▼

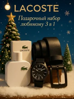 Подарочный набор Lacoste мужчине портмоне ремень и парфюм
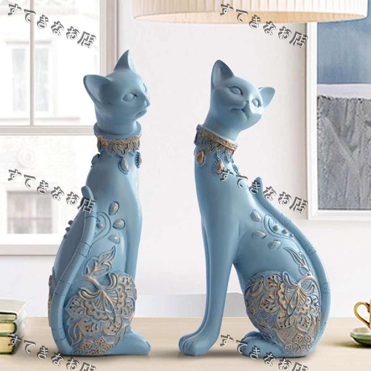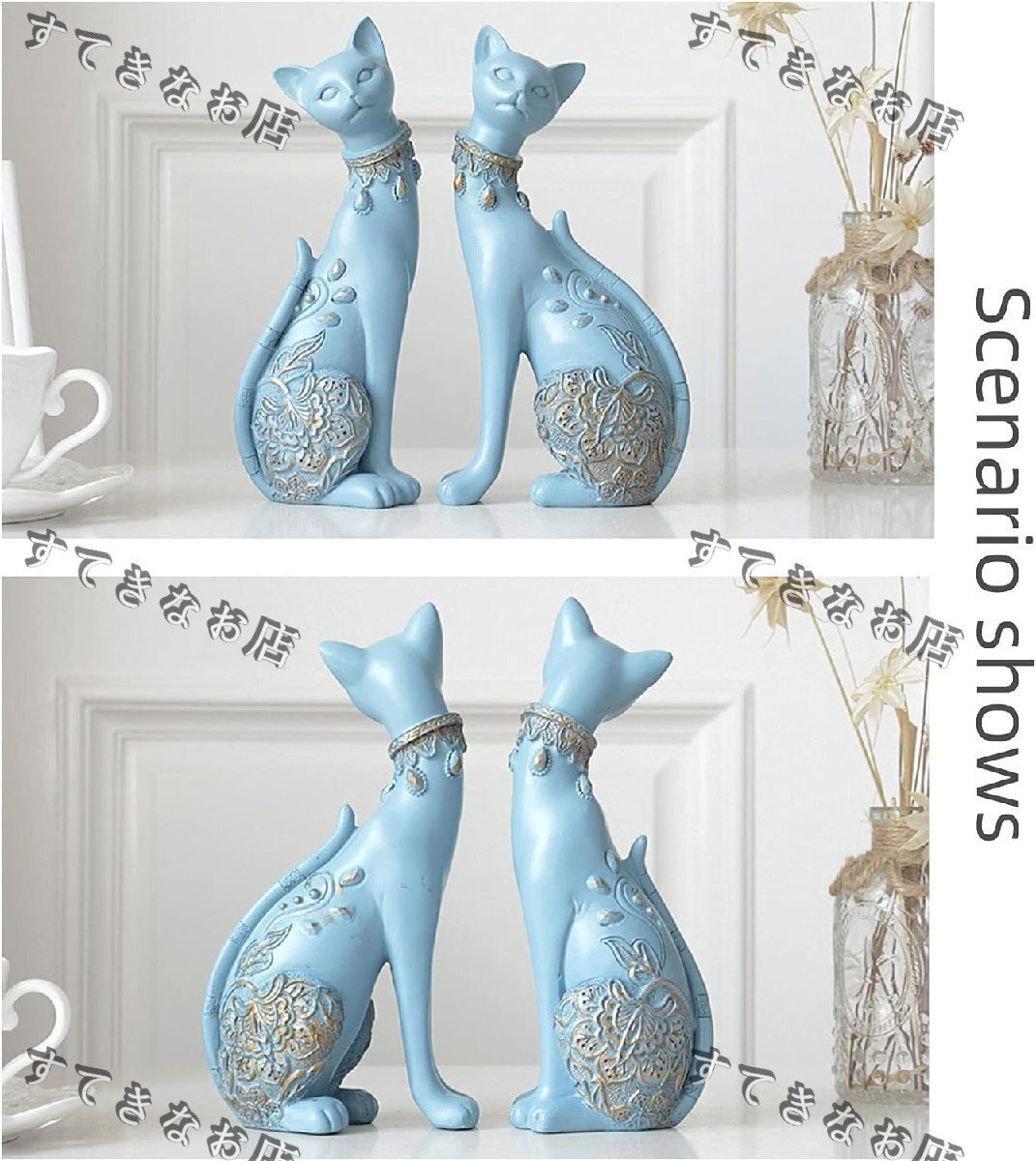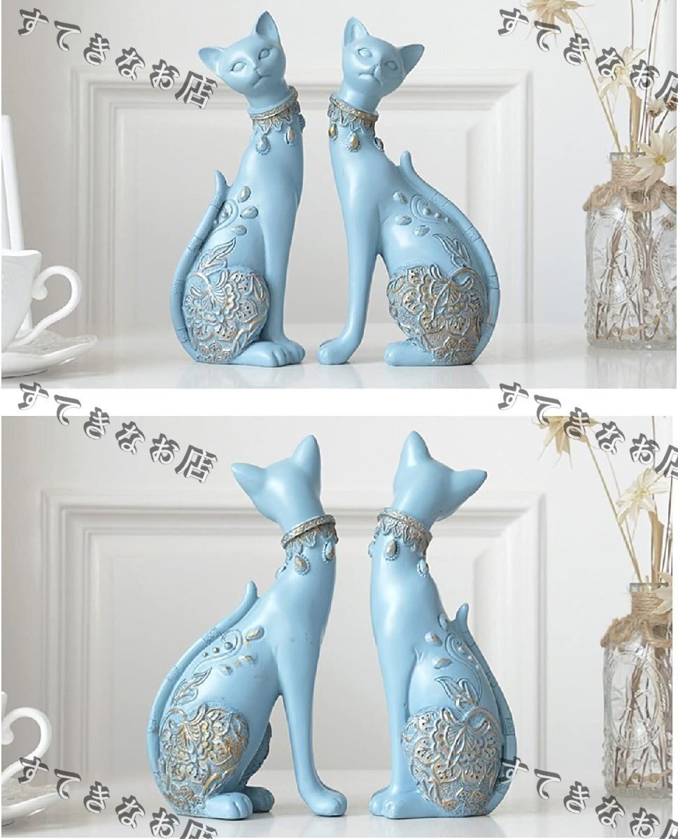 猫像 ホームデコ 部屋の装飾 置物、カップル リビングワインキャビネット テレビ装飾 ウェディングギフト ファーストチョイス (ペールブル
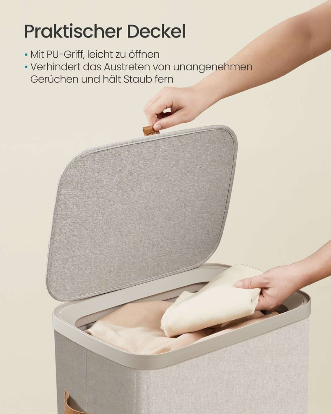 Songmics Košara za perilo 2 predelka 42x32x75 cm bež
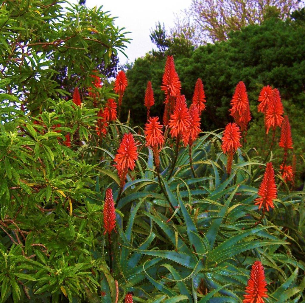 Цветущий в Южной Африке столетник выпускает несколько стрелок-цветоносов, длина которых достигает одного метра. Именно с них и появляется метёлка из бутонов – сначала полностью раскрываются те, что расположены внизу, а после их увядания распускаются верхние. Цветочки у алоэ мелкие и узкие, по форме – вытянутые, похожие на колокольчик. Каждый цветок состоит из 1 пестика и 6 тычинок. Окрас может быть разным – всё зависит от разновидности столетника. В домашних условиях могут появиться цветы белого, оранжевого, жёлтого или красного цвета. Цветущее алоэ напоминает свечку – цветы располагаются так, что основание метёлки всегда гораздо шире верхушки.
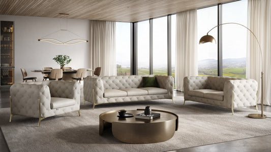 Three Piece Indoor Beige Velvet Six Person Seating Set

▲

Although the records contain pictures, return only their text, exactly as written.

 Подарочный набор Lacoste мужчине портмоне ремень и парфюм
 猫像 ホームデコ 部屋の装飾 置物、カップル リビングワインキャビネット テレビ装飾 ウェディングギフト ファーストチョイス (ペールブル
 Songmics Košara za perilo 2 predelka 42x32x75 cm bež
 Цветущий в Южной Африке столетник выпускает несколько стрелок-цветоносов, длина которых достигает одного метра. Именно с них и появляется метёлка из бутонов – сначала полностью раскрываются те, что расположены внизу, а после их увядания распускаются верхние. Цветочки у алоэ мелкие и узкие, по форме – вытянутые, похожие на колокольчик. Каждый цветок состоит из 1 пестика и 6 тычинок. Окрас может быть разным – всё зависит от разновидности столетника. В домашних условиях могут появиться цветы белого, оранжевого, жёлтого или красного цвета. Цветущее алоэ напоминает свечку – цветы располагаются так, что основание метёлки всегда гораздо шире верхушки.
 Three Piece Indoor Beige Velvet Six Person Seating Set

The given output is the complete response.